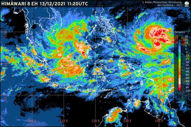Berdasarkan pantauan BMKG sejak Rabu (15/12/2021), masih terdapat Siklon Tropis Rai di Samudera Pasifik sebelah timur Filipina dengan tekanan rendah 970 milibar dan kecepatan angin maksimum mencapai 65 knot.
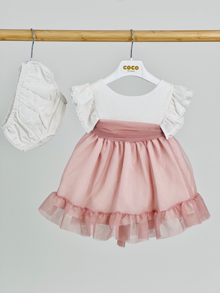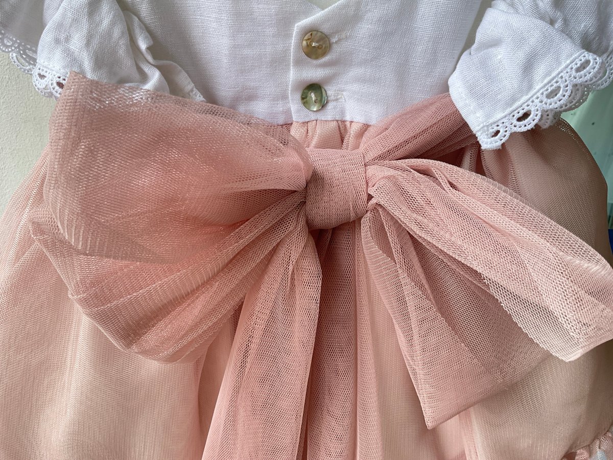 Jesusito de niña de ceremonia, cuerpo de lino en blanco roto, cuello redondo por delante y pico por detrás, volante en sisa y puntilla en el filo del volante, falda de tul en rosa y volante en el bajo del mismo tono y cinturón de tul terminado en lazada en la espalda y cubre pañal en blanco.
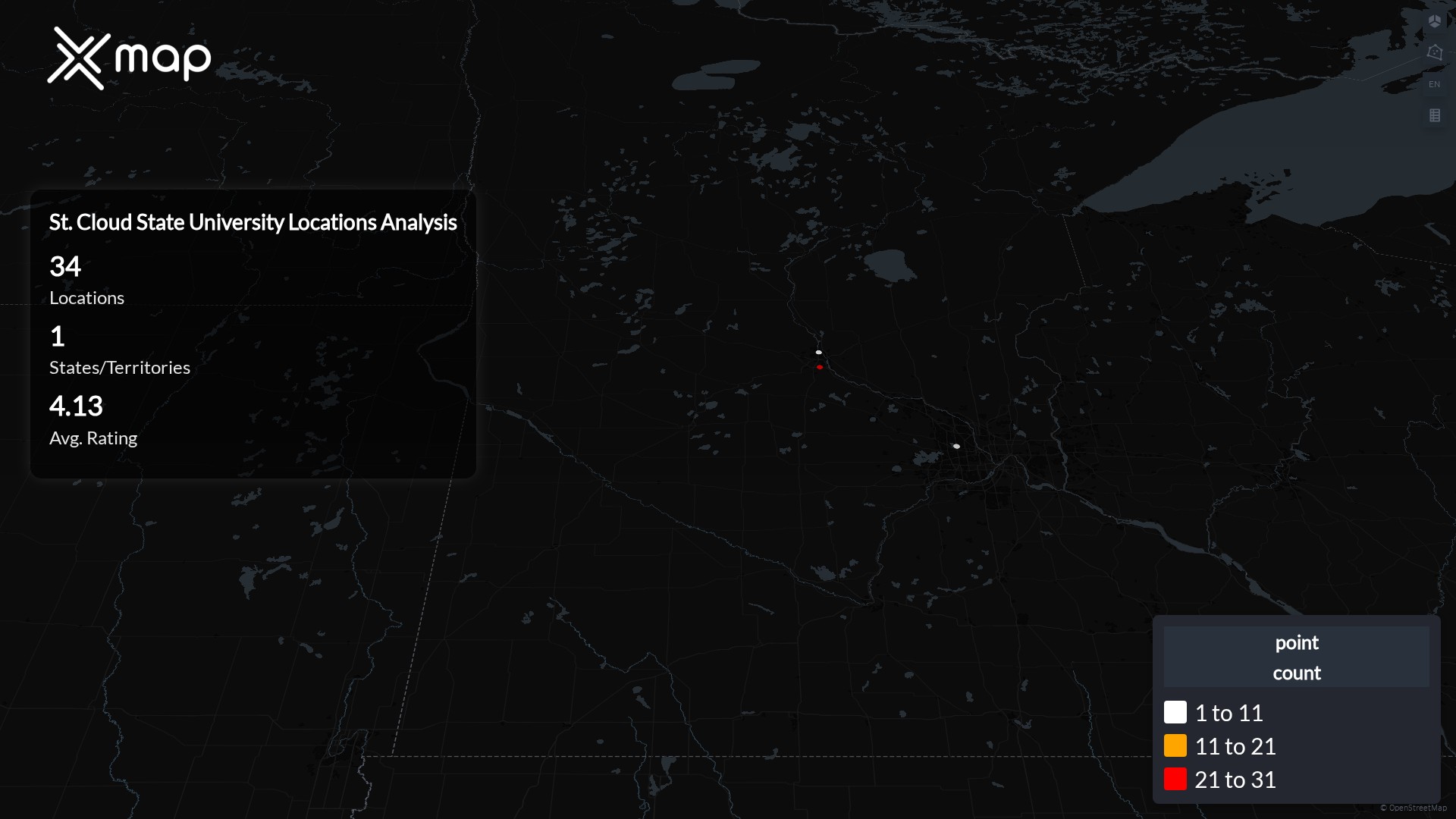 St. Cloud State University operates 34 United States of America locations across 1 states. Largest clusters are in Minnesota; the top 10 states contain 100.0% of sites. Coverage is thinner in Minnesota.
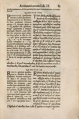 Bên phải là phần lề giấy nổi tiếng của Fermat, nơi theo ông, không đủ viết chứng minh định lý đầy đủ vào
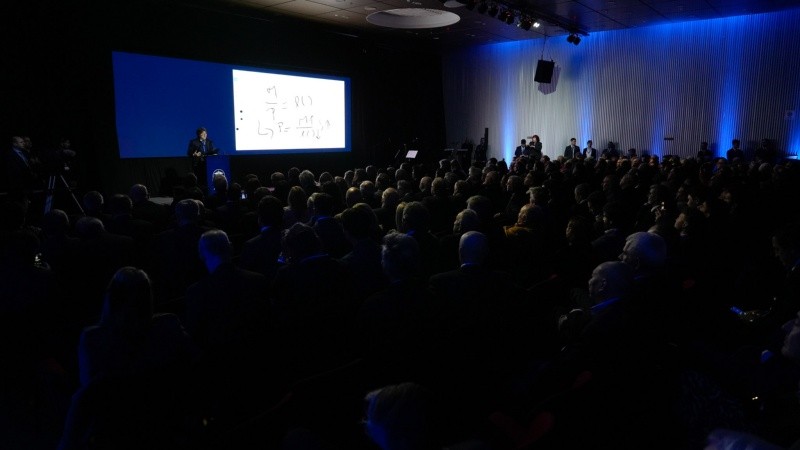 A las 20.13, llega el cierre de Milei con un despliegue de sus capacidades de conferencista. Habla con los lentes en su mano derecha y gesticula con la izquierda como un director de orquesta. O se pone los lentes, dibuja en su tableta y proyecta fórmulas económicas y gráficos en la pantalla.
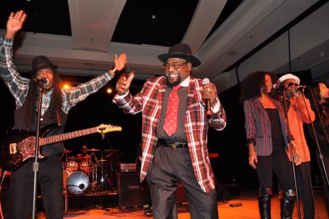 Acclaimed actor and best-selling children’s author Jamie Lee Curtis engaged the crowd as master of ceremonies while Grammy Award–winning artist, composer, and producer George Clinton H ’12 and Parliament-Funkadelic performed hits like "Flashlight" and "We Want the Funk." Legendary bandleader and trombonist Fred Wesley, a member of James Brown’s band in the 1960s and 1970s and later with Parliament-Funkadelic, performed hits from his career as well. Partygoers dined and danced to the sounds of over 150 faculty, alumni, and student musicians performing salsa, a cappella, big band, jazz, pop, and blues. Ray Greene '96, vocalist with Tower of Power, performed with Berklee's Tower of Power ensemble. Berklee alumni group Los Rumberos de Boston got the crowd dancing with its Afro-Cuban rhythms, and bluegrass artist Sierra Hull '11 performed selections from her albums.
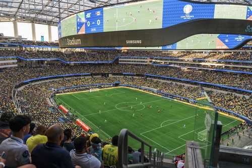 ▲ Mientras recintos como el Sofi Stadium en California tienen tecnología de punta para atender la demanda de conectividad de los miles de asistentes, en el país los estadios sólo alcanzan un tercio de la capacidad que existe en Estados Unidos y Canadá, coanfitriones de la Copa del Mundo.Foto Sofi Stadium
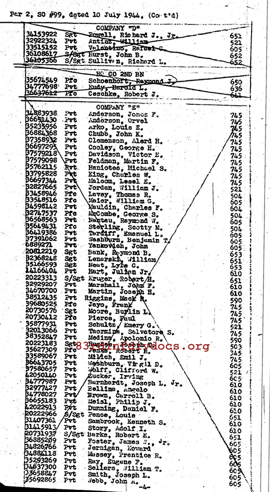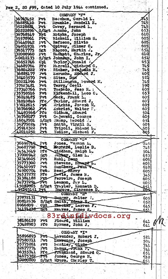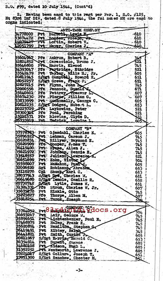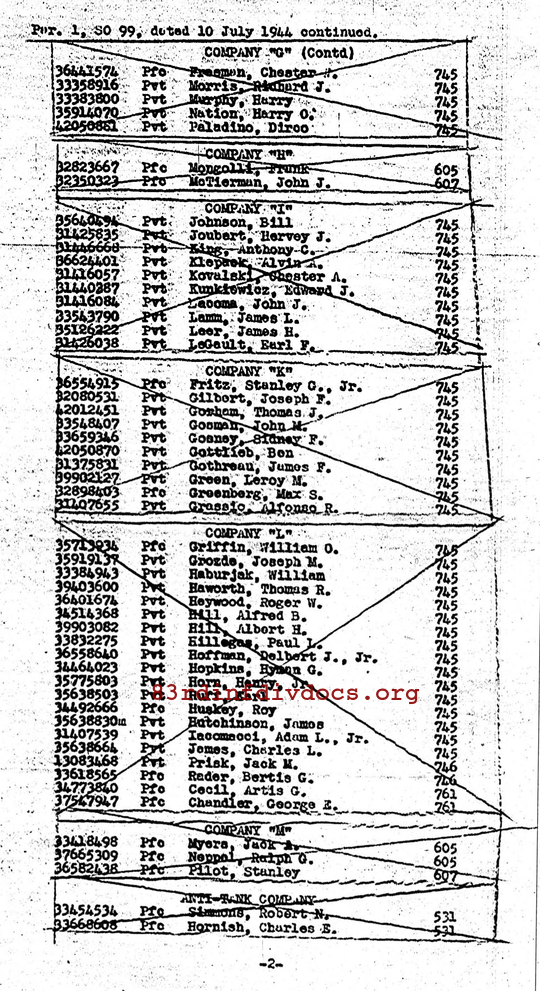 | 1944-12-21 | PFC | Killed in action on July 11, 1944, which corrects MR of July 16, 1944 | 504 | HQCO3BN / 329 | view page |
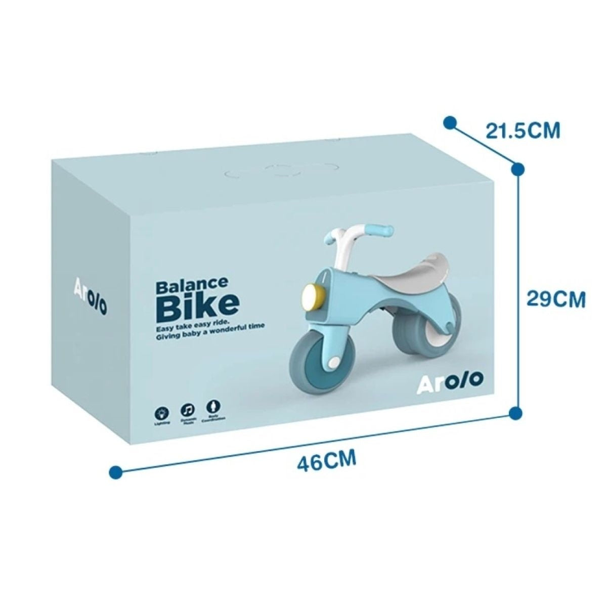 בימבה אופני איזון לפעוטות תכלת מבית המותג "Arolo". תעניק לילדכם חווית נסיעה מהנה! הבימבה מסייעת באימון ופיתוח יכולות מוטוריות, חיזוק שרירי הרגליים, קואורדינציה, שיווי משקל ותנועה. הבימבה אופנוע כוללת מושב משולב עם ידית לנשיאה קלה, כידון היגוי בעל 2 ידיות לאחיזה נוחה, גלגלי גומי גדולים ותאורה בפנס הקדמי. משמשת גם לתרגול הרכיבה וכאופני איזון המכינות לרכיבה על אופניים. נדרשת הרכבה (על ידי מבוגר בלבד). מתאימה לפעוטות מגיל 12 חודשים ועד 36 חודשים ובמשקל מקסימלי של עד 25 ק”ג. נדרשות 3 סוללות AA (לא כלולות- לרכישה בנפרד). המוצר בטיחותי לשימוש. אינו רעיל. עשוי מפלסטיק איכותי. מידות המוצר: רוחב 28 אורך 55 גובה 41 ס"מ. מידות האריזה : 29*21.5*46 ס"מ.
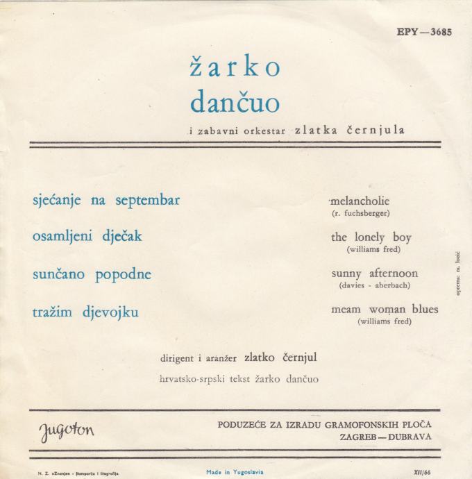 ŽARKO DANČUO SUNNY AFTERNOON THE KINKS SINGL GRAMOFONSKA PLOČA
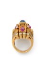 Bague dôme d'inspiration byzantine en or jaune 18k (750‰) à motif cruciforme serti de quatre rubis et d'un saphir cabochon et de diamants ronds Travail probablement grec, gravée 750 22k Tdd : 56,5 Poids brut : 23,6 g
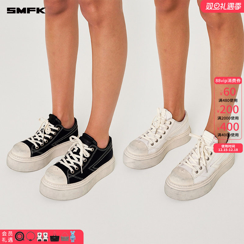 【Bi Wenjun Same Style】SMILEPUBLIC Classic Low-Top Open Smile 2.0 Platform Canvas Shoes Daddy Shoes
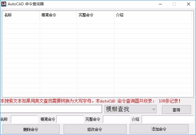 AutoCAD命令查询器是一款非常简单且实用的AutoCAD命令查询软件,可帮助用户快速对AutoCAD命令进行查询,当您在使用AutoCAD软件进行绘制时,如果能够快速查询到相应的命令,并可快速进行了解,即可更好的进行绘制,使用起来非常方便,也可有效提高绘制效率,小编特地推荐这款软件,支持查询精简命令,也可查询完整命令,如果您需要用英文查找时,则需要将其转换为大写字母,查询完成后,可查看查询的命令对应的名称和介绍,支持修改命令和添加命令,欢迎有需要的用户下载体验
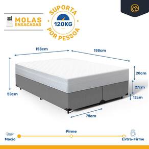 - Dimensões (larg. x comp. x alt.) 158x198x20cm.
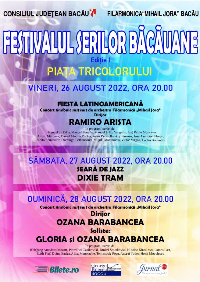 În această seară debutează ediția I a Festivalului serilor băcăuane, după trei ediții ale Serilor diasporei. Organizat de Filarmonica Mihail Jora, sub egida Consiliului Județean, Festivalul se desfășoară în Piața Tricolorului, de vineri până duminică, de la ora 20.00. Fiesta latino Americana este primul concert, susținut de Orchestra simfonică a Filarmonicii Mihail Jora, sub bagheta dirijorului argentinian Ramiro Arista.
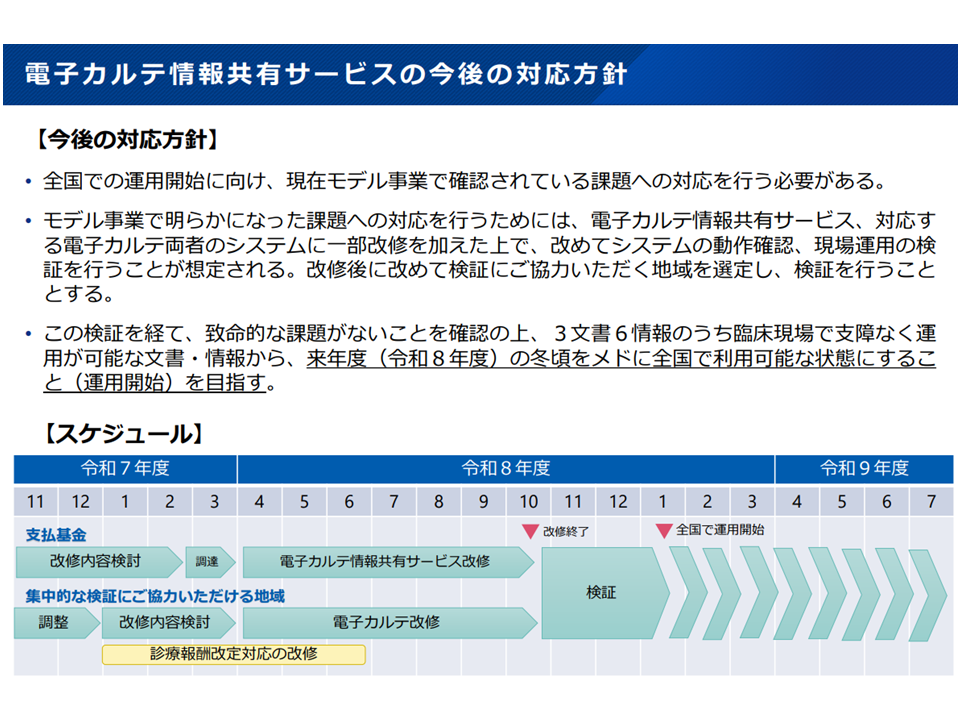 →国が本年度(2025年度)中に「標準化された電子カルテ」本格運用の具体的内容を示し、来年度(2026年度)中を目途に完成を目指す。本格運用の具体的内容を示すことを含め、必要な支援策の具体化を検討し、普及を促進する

-------------------------

Please transcribe all of the entries word for word, with the pictures left out.

Answer area —
Berdasarkan pantauan BMKG sejak Rabu (15/12/2021), masih terdapat Siklon Tropis Rai di Samudera Pasifik sebelah timur Filipina dengan tekanan rendah 970 milibar dan kecepatan angin maksimum mencapai 65 knot.
 Jesusito de niña de ceremonia, cuerpo de lino en blanco roto, cuello redondo por delante y pico por detrás, volante en sisa y puntilla en el filo del volante, falda de tul en rosa y volante en el bajo del mismo tono y cinturón de tul terminado en lazada en la espalda y cubre pañal en blanco.
 St. Cloud State University operates 34 United States of America locations across 1 states. Largest clusters are in Minnesota; the top 10 states contain 100.0% of sites. Coverage is thinner in Minnesota.
 Bên phải là phần lề giấy nổi tiếng của Fermat, nơi theo ông, không đủ viết chứng minh định lý đầy đủ vào
 A las 20.13, llega el cierre de Milei con un despliegue de sus capacidades de conferencista. Habla con los lentes en su mano derecha y gesticula con la izquierda como un director de orquesta. O se pone los lentes, dibuja en su tableta y proyecta fórmulas económicas y gráficos en la pantalla.
 Acclaimed actor and best-selling children’s author Jamie Lee Curtis engaged the crowd as master of ceremonies while Grammy Award–winning artist, composer, and producer George Clinton H ’12 and Parliament-Funkadelic performed hits like "Flashlight" and "We Want the Funk." Legendary bandleader and trombonist Fred Wesley, a member of James Brown’s band in the 1960s and 1970s and later with Parliament-Funkadelic, performed hits from his career as well. Partygoers dined and danced to the sounds of over 150 faculty, alumni, and student musicians performing salsa, a cappella, big band, jazz, pop, and blues. Ray Greene '96, vocalist with Tower of Power, performed with Berklee's Tower of Power ensemble. Berklee alumni group Los Rumberos de Boston got the crowd dancing with its Afro-Cuban rhythms, and bluegrass artist Sierra Hull '11 performed selections from her albums.
 ▲ Mientras recintos como el Sofi Stadium en California tienen tecnología de punta para atender la demanda de conectividad de los miles de asistentes, en el país los estadios sólo alcanzan un tercio de la capacidad que existe en Estados Unidos y Canadá, coanfitriones de la Copa del Mundo.Foto Sofi Stadium
 | 1944-12-21 | PFC | Killed in action on July 11, 1944, which corrects MR of July 16, 1944 | 504 | HQCO3BN / 329 | view page |
 בימבה אופני איזון לפעוטות תכלת מבית המותג "Arolo". תעניק לילדכם חווית נסיעה מהנה! הבימבה מסייעת באימון ופיתוח יכולות מוטוריות, חיזוק שרירי הרגליים, קואורדינציה, שיווי משקל ותנועה. הבימבה אופנוע כוללת מושב משולב עם ידית לנשיאה קלה, כידון היגוי בעל 2 ידיות לאחיזה נוחה, גלגלי גומי גדולים ותאורה בפנס הקדמי. משמשת גם לתרגול הרכיבה וכאופני איזון המכינות לרכיבה על אופניים. נדרשת הרכבה (על ידי מבוגר בלבד). מתאימה לפעוטות מגיל 12 חודשים ועד 36 חודשים ובמשקל מקסימלי של עד 25 ק”ג. נדרשות 3 סוללות AA (לא כלולות- לרכישה בנפרד). המוצר בטיחותי לשימוש. אינו רעיל. עשוי מפלסטיק איכותי. מידות המוצר: רוחב 28 אורך 55 גובה 41 ס"מ. מידות האריזה : 29*21.5*46 ס"מ.
 ŽARKO DANČUO SUNNY AFTERNOON THE KINKS SINGL GRAMOFONSKA PLOČA
 Bague dôme d'inspiration byzantine en or jaune 18k (750‰) à motif cruciforme serti de quatre rubis et d'un saphir cabochon et de diamants ronds Travail probablement grec, gravée 750 22k Tdd : 56,5 Poids brut : 23,6 g
 【Bi Wenjun Same Style】SMILEPUBLIC Classic Low-Top Open Smile 2.0 Platform Canvas Shoes Daddy Shoes
 AutoCAD命令查询器是一款非常简单且实用的AutoCAD命令查询软件,可帮助用户快速对AutoCAD命令进行查询,当您在使用AutoCAD软件进行绘制时,如果能够快速查询到相应的命令,并可快速进行了解,即可更好的进行绘制,使用起来非常方便,也可有效提高绘制效率,小编特地推荐这款软件,支持查询精简命令,也可查询完整命令,如果您需要用英文查找时,则需要将其转换为大写字母,查询完成后,可查看查询的命令对应的名称和介绍,支持修改命令和添加命令,欢迎有需要的用户下载体验
 - Dimensões (larg. x comp. x alt.) 158x198x20cm.
 În această seară debutează ediția I a Festivalului serilor băcăuane, după trei ediții ale Serilor diasporei. Organizat de Filarmonica Mihail Jora, sub egida Consiliului Județean, Festivalul se desfășoară în Piața Tricolorului, de vineri până duminică, de la ora 20.00. Fiesta latino Americana este primul concert, susținut de Orchestra simfonică a Filarmonicii Mihail Jora, sub bagheta dirijorului argentinian Ramiro Arista.
 →国が本年度(2025年度)中に「標準化された電子カルテ」本格運用の具体的内容を示し、来年度(2026年度)中を目途に完成を目指す。本格運用の具体的内容を示すことを含め、必要な支援策の具体化を検討し、普及を促進する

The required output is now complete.